Dataset items:
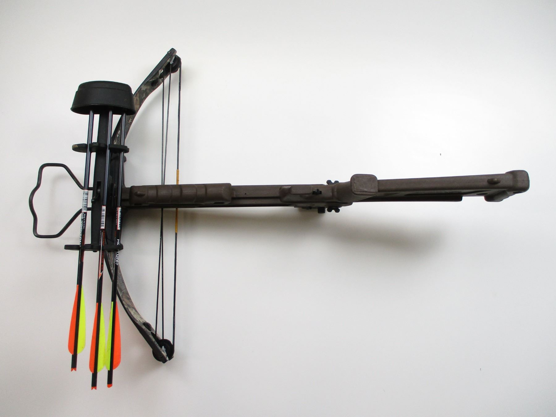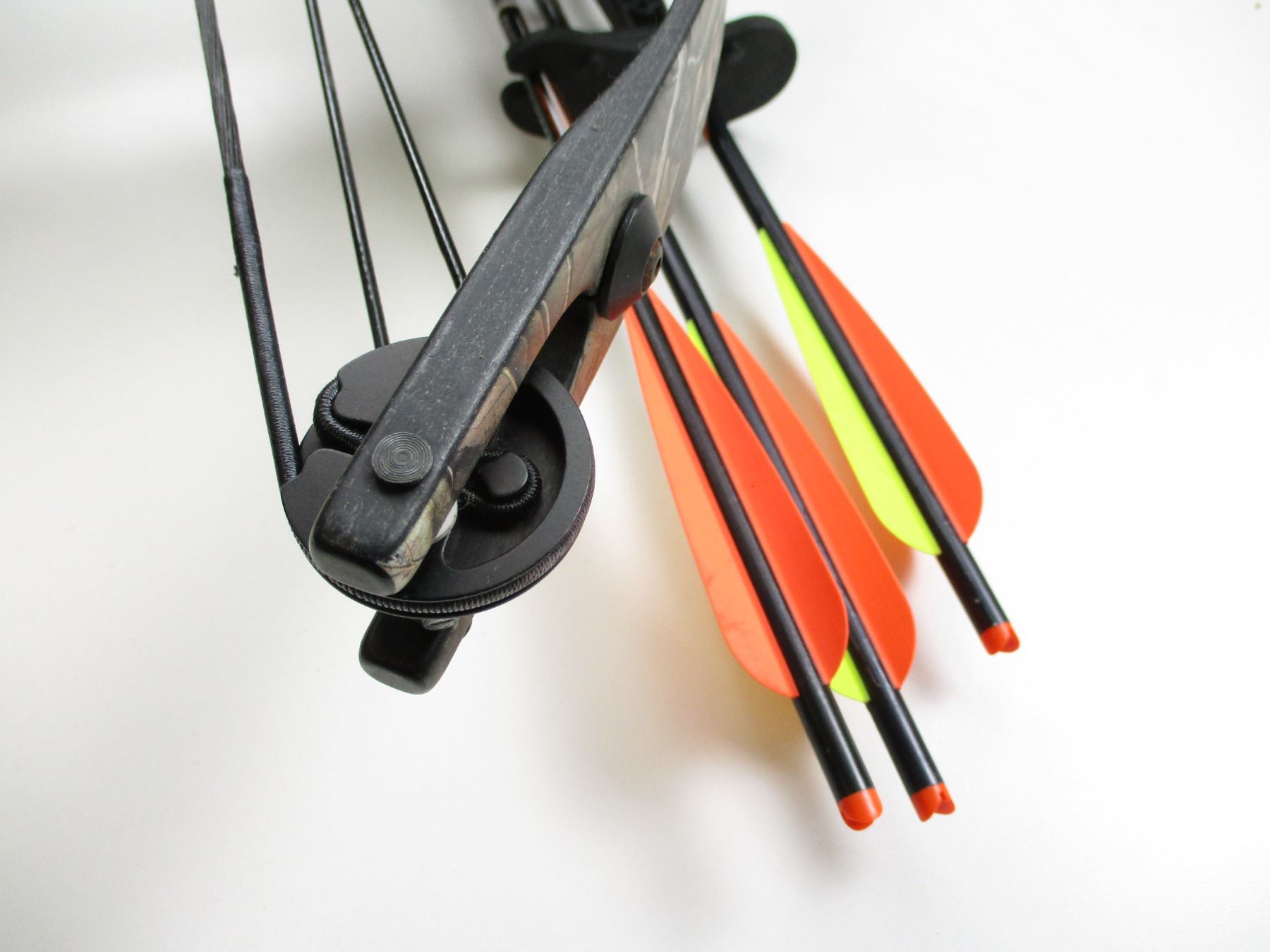 APPROX. DRAW WEIGHT OF 150LB, TAKES 20" BOLTS, INCLUDES 3 BOLTS, WITH BROAD HEADS, & QUIVER, ALSO INCLUDES RED-DOT SIGHT, NOT TESTED, NEEDS BATTERY. WITH MANUAL.
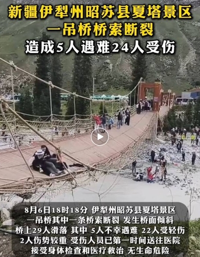 7일(현지시간) 중국매체 펑파이·글로벌타임스에 따르면 전날 신장 웨이우얼(위구르)자치구 이리 하싸커(카자흐)자치주 샤타(夏塔) 관광지에서 발생한 사고로 다리 위에 있던 관광객들이 아래로 떨어지면서 5명이 숨지고 24명이 다쳤다.
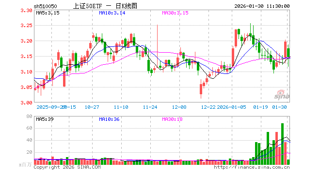 1月30日,截止午间收盘,上证50ETF(510050)跌1.56%,报3.146元,成交额25.00亿元。上证50ETF(510050)重仓股方面,贵州茅台截止午盘跌2.18%,中国平安跌1.81%,紫金矿业跌8.33%,招商银行涨0.65%,兴业银行跌0.21%,长江电力涨1.73%,寒武纪涨1.35%,中信证券跌0.88%,恒瑞医药涨0.29%,工商银行涨0.96%。
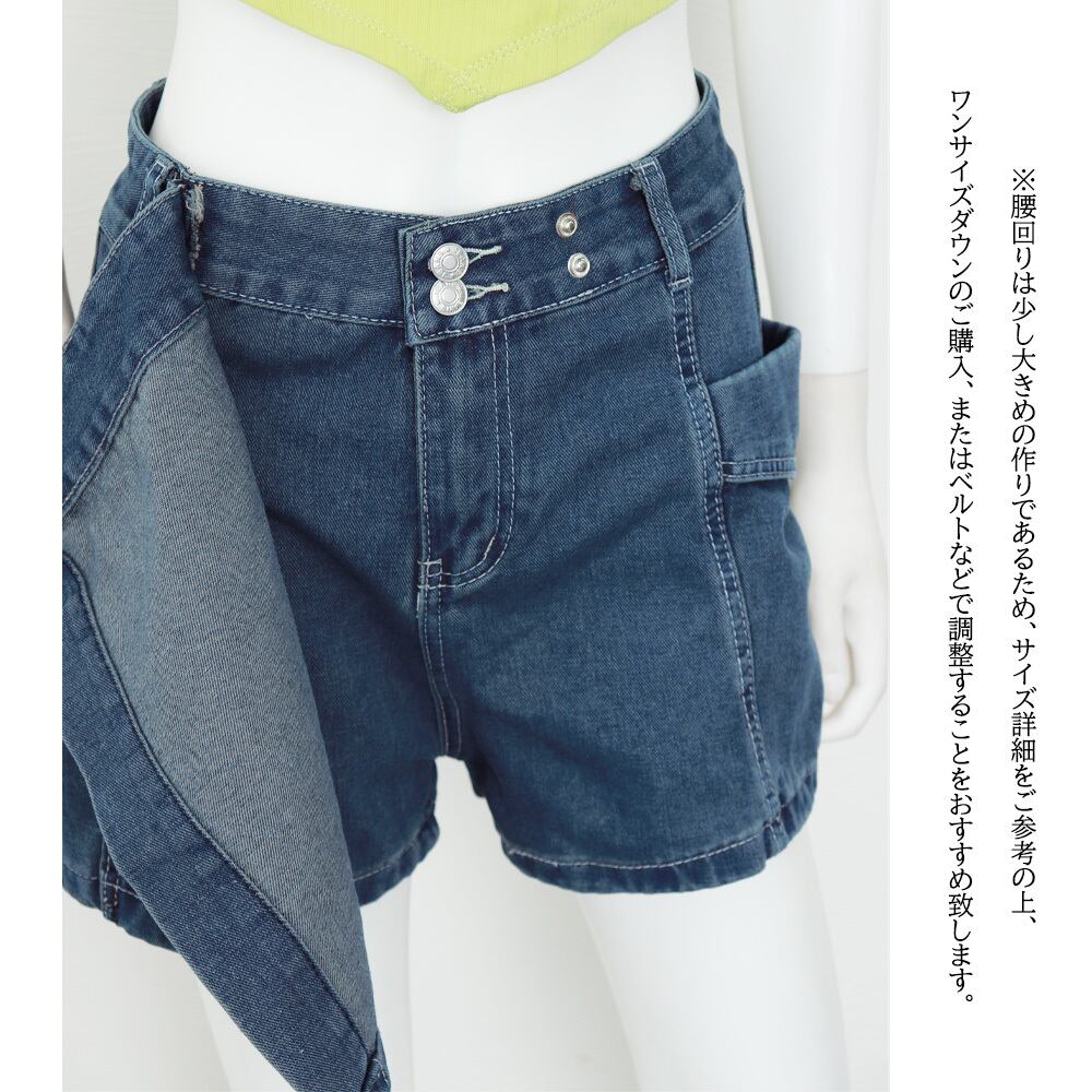ミニスカートのデザインですが、後ろから見るとショートパンツのデニムパンツ
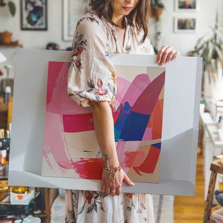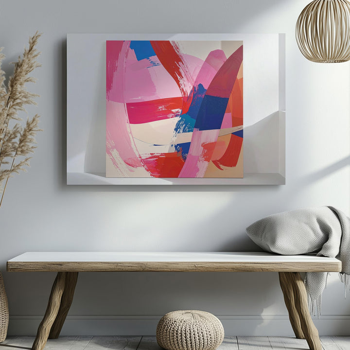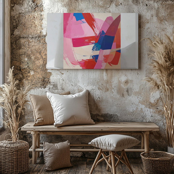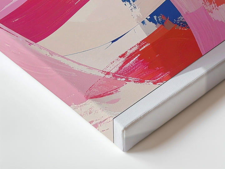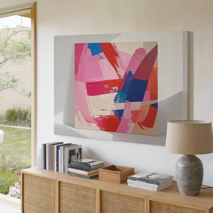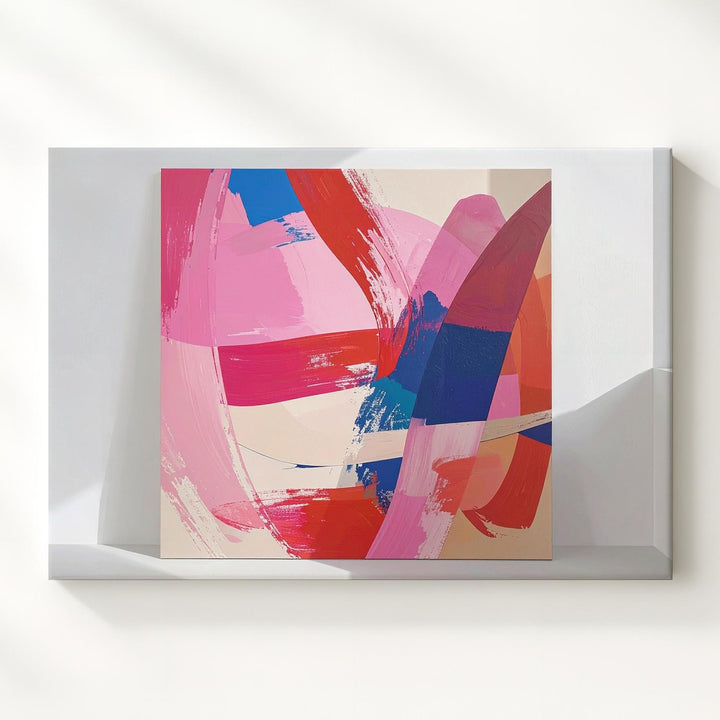 This captivating abstract canvas bursts with life through dynamic brushstrokes in radiant magenta, passionate reds, deep cobalt blues, and soft beige tones. Every bold swipe and subtle texture captures the raw energy of emotion, making it an expressive centerpiece that resonates beyond words.
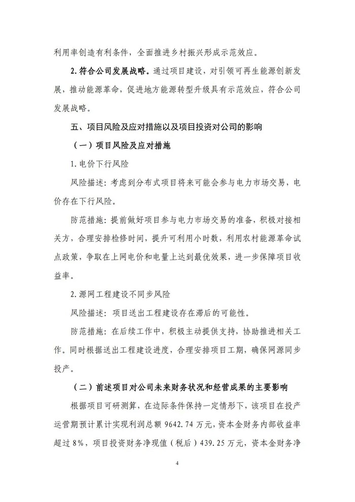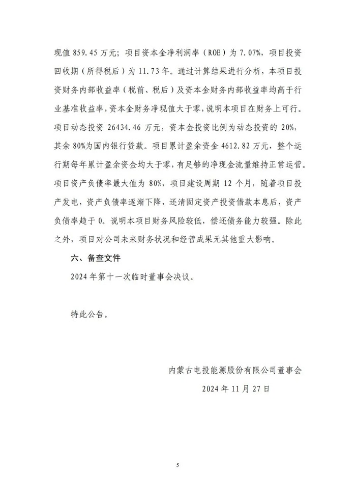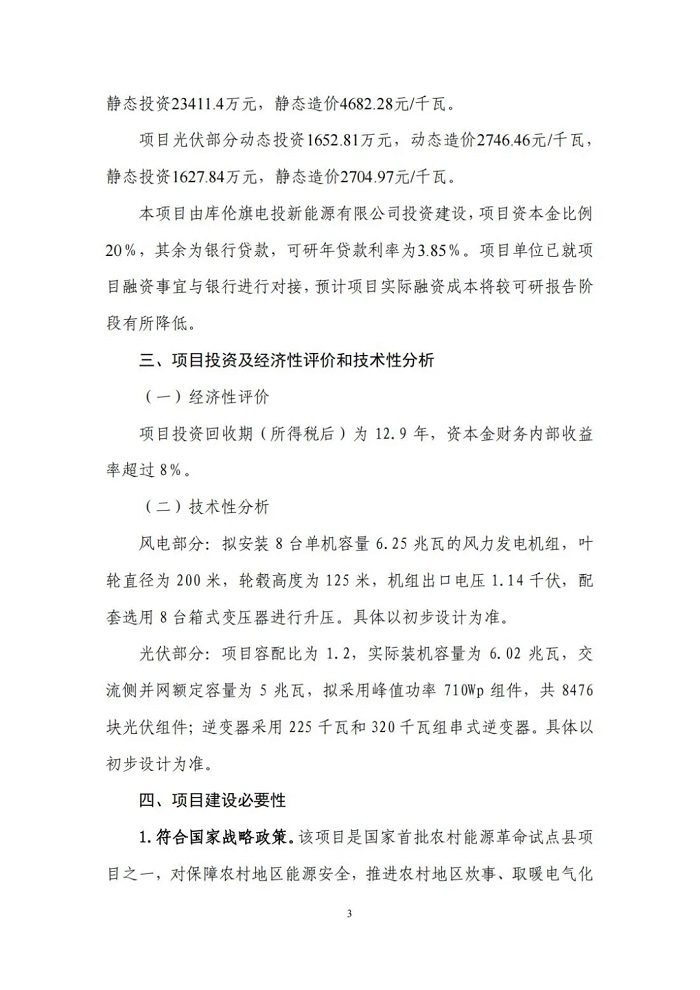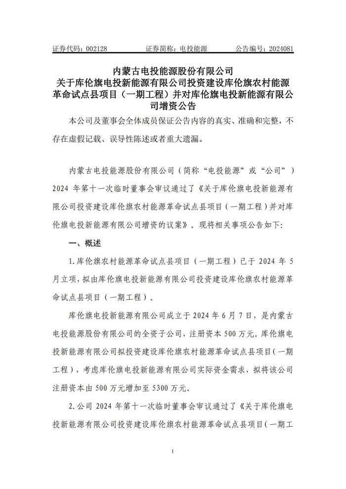 储能中国网获悉,11月29日,内蒙古电投能源股份有限公司发布公告称拟投资建设库伦旗农村能源革命试点县项目(一期工程),并对库伦旗电投新能源有限公司增资。 该项目为分布式新能源项目,项目总投资26602.52万元,建设规模60万千瓦,其中风电35万千瓦、光伏25万千瓦、配套建设集中电化学储能90MW/180MWh、乡村能源站等相关附属设施。 据了解,库伦旗农村能源革命试点县项目(一期工程)由库伦旗电投新能源有限公司直接负责。该公司成立于2024年6月7日,是内蒙古电投能源股份有限公司的全资子公司,此次公告表示拟将该公司注册资本由500万元增加至5300万元。 该项目作为内蒙古自治区唯一国家首批农村能源革命试点县项目,是实现通辽市库伦旗地方低碳转型绿色发展和乡村振兴的重点工程。本次拟履行一期工程投资决策程序,一期工程规划建设5万千瓦风电、0.5万千瓦光伏、1座66千伏升压站、1个乡村能源站,配套建设空气源热泵、新能源充电桩、光伏路灯等项目附属设施。建设于库伦旗库伦镇境内,场区距离库伦旗城区12公里,临近305省道、236县道,交通便利,能够满足重大件运输要求。 原文如下: |

WHAT YOU ARE ASKED TO DO — For this exercise, copy the entries above exactly and skip any picture.

RESPONSE TO THE TASK —
 APPROX. DRAW WEIGHT OF 150LB, TAKES 20" BOLTS, INCLUDES 3 BOLTS, WITH BROAD HEADS, & QUIVER, ALSO INCLUDES RED-DOT SIGHT, NOT TESTED, NEEDS BATTERY. WITH MANUAL.
 7일(현지시간) 중국매체 펑파이·글로벌타임스에 따르면 전날 신장 웨이우얼(위구르)자치구 이리 하싸커(카자흐)자치주 샤타(夏塔) 관광지에서 발생한 사고로 다리 위에 있던 관광객들이 아래로 떨어지면서 5명이 숨지고 24명이 다쳤다.
 1月30日,截止午间收盘,上证50ETF(510050)跌1.56%,报3.146元,成交额25.00亿元。上证50ETF(510050)重仓股方面,贵州茅台截止午盘跌2.18%,中国平安跌1.81%,紫金矿业跌8.33%,招商银行涨0.65%,兴业银行跌0.21%,长江电力涨1.73%,寒武纪涨1.35%,中信证券跌0.88%,恒瑞医药涨0.29%,工商银行涨0.96%。
ミニスカートのデザインですが、後ろから見るとショートパンツのデニムパンツ
 This captivating abstract canvas bursts with life through dynamic brushstrokes in radiant magenta, passionate reds, deep cobalt blues, and soft beige tones. Every bold swipe and subtle texture captures the raw energy of emotion, making it an expressive centerpiece that resonates beyond words.
 储能中国网获悉,11月29日,内蒙古电投能源股份有限公司发布公告称拟投资建设库伦旗农村能源革命试点县项目(一期工程),并对库伦旗电投新能源有限公司增资。 该项目为分布式新能源项目,项目总投资26602.52万元,建设规模60万千瓦,其中风电35万千瓦、光伏25万千瓦、配套建设集中电化学储能90MW/180MWh、乡村能源站等相关附属设施。 据了解,库伦旗农村能源革命试点县项目(一期工程)由库伦旗电投新能源有限公司直接负责。该公司成立于2024年6月7日,是内蒙古电投能源股份有限公司的全资子公司,此次公告表示拟将该公司注册资本由500万元增加至5300万元。 该项目作为内蒙古自治区唯一国家首批农村能源革命试点县项目,是实现通辽市库伦旗地方低碳转型绿色发展和乡村振兴的重点工程。本次拟履行一期工程投资决策程序,一期工程规划建设5万千瓦风电、0.5万千瓦光伏、1座66千伏升压站、1个乡村能源站,配套建设空气源热泵、新能源充电桩、光伏路灯等项目附属设施。建设于库伦旗库伦镇境内,场区距离库伦旗城区12公里,临近305省道、236县道,交通便利,能够满足重大件运输要求。 原文如下: |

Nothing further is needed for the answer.